全国高校駅伝で疾走する女子選手たち(2020年12月20日、たけびしスタジアム京都)

全国高校駅伝で疾走する女子選手たち(2020年12月20日、たけびしスタジアム京都)

駅伝コースに進入した車のイメージ図

駅伝コースに進入した車のイメージ図

 昨年12月に京都市で開催された女子の全国高校駅伝で、乗用車がコースに進入して選手の前を横切る問題があり、京都府警交通指導課と右京署は、現場で交通規制をしていた警察官の指示に従わなかったとして、道交法違反の疑いで、京都市西京区の無職の60代男性を近く書類送検する方針を固めた。捜査関係者への取材で分かった。

 捜査関係者によると、男性は12月20日午前11時20分ごろ、右京区五条通西小路交差点で乗用車を運転し、駅伝の最終5区のコースとして府公安委員会が交通規制していた五条通の西行き車線に、右京署員の制止を振り切って進入した疑いが持たれている。男性は帰宅途中で、「早く帰りたかった」と容疑を認めているという。

 目の前を車に横切られたのは京都府代表の立命館宇治高の女子選手(18)で、接触する寸前で身をかわしたためけがはなかったが、進路を妨げられる形となった。
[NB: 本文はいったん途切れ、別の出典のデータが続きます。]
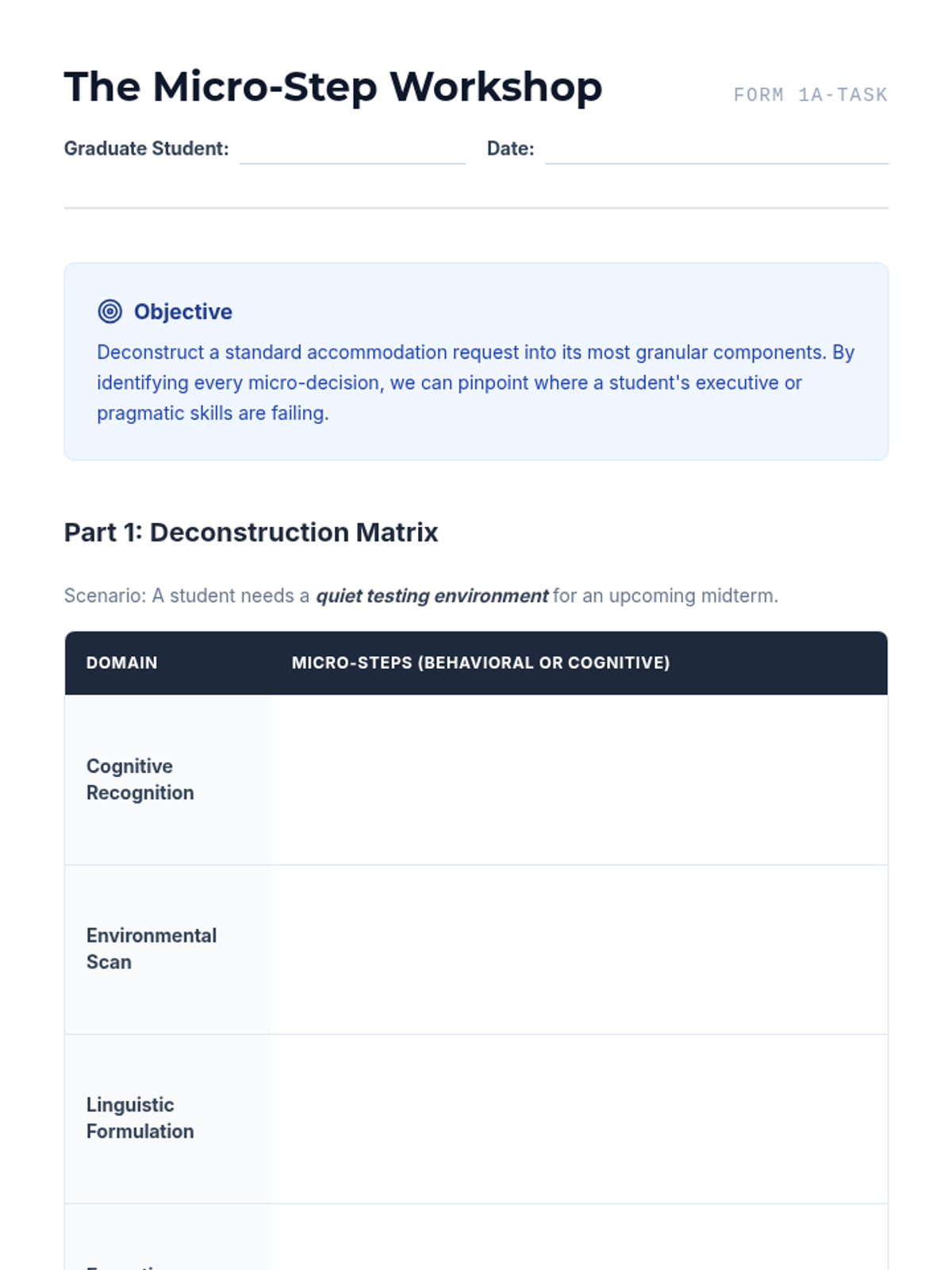 A graduate-level sequence focused on the instructional methodology for teaching self-advocacy skills, specifically requesting accommodations. Graduate students will learn to task-analyze requests, design tiered scripts, facilitate behavioral rehearsals, collect data on advocacy behaviors, and plan for generalization.

男性は当初、交差点内で右折待ちをしていたが、警察官に止められると南向きに走り抜けたという。

 全国高校駅伝の大会事務局は「警察官が制止しており、あの横切りはあり得ない。選手が事故に遭う恐れもあり、試合成立に関わる問題だった。ドライバーは選手のためにもマナーを守ってほしい」としている。